Picture this. A teenage girl on a high handlebar bicycle. Her auburn dreadlocks fly behind her as she follows a man with a moustache up a dirt path to the place just past the edge of the woods where he lives. She knows he is interested in her mind and her body, but she is willing to move forward into that because she is not afraid of what he wants. She also knows that he is leading her to a place where she needs to be. She has felt it calling.
This place is in the edge of a dying industrial city, where ramshackle half-deserted suburbs end and a wooded ridge begins to rise. It is at the end of a rough asphalt lane lined with bungalows with unkempt front gardens where only the hardiest of perennials continue to spill across the lawn and creep around lawn chairs where no one ever sits.
It is Spring, muddy Spring. The air is crisp and there are still patches of dirty not-yet-melted snow on top of the matted yellow grass where a little green is just beginning to show through. The sun warms the breeze and the path she is on begins where the broken pavement ends.
She is not afraid to ride up the hill into the wooded area. She stands up on her bike and pushes down hard. . . pressing her feet onto the pedals and moving up the steep incline one strong push down at a time. Up and up; keeping the momentum going so that her bike continues to ascend upward on the muddy path.
The trees thicken and the air becomes cooler as she moves up the hill. She follows the man until he comes to a makeshift hut, in shambles. It is constructed of wooden crates, boards and old plywood skids. It is surrounded by a collection of large metal cans and wooden boxes which are almost totally covered by vines and creeping shrubs which have grown around the hut so that it is not visible from below.

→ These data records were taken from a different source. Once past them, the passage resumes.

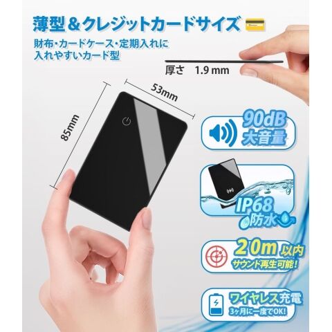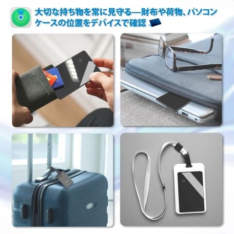 ◆厚さ1.9mmの超薄型で財布やカードケースにスマート収納◆スマホと離れると通知で置き忘れを防止◆Bluetooth圏内で大音量ブザーを鳴らして簡単に探せる◆ワイヤレス充電式で電池交換不要、繰り返し使えてエコ◆Apple「探す」ネットワーク対応で世界中で位置追跡◆Apple MFi認証取得で高いセキュリティと信頼性
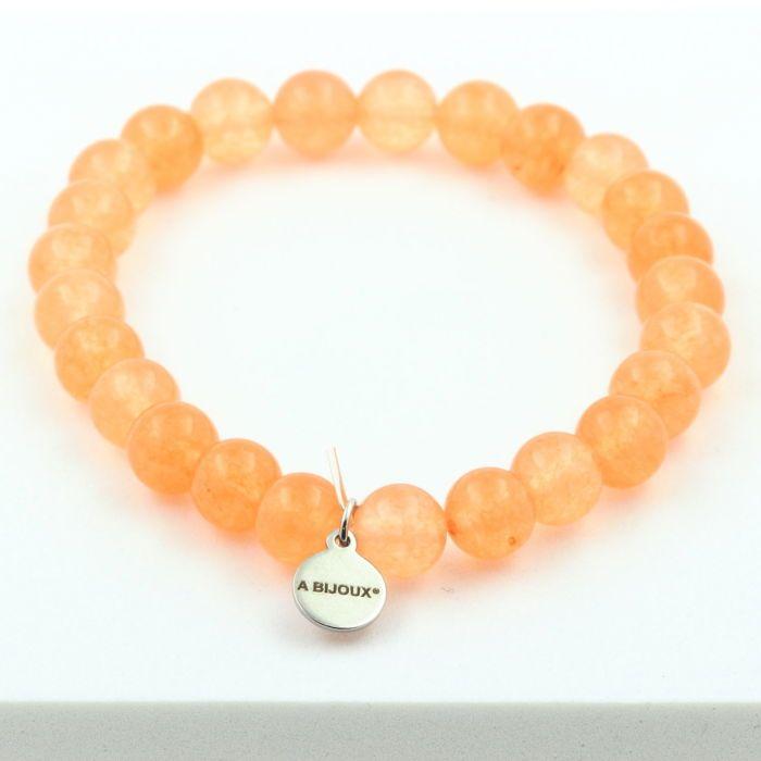 Pierres et Minéraux. Bracelet Perles Calcédoine orange 8 mm. Fabriqué en France. Taille personnalisable.
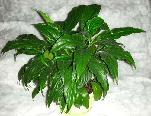 Когда у спатифиллума наблюдается чернота листьев, это означает одно — у цветка отмирает корневая система. Причинами болезни является сильное переувлажнение почвы в результате систематического полива или опрыскивание в очень прохладном помещении. Растение нужно извлечь из горшка и внимательно рассмотреть корневую систему. Далее нужно удалить отмершие корни и пересадить в новый грунт, возможно, таким образом будет спасена жизнь растения.

Its very appearance is of course, off-putting and would make most turn away, but there is no malevolence, just that uncomfortable sense that Mother Nature is in the process of fucking with the man-made world. Where there is rust and rot and where words and labels are fading, the tendrils of leaves and new blades of grass are growing. She sees car parts, old tires, crates and tin barrels that have been cast off because they are no longer valued. Pale green shoots have grown up and around these in a possessive embrace where rust and wood rot meet the fresh green of spring.
This is a portal; this is a door. And the man with the moustache fades into the shack like a shadow and then turns to beckon her in.
Her name is Macy and she has begun a journey away from a world she no longer needs.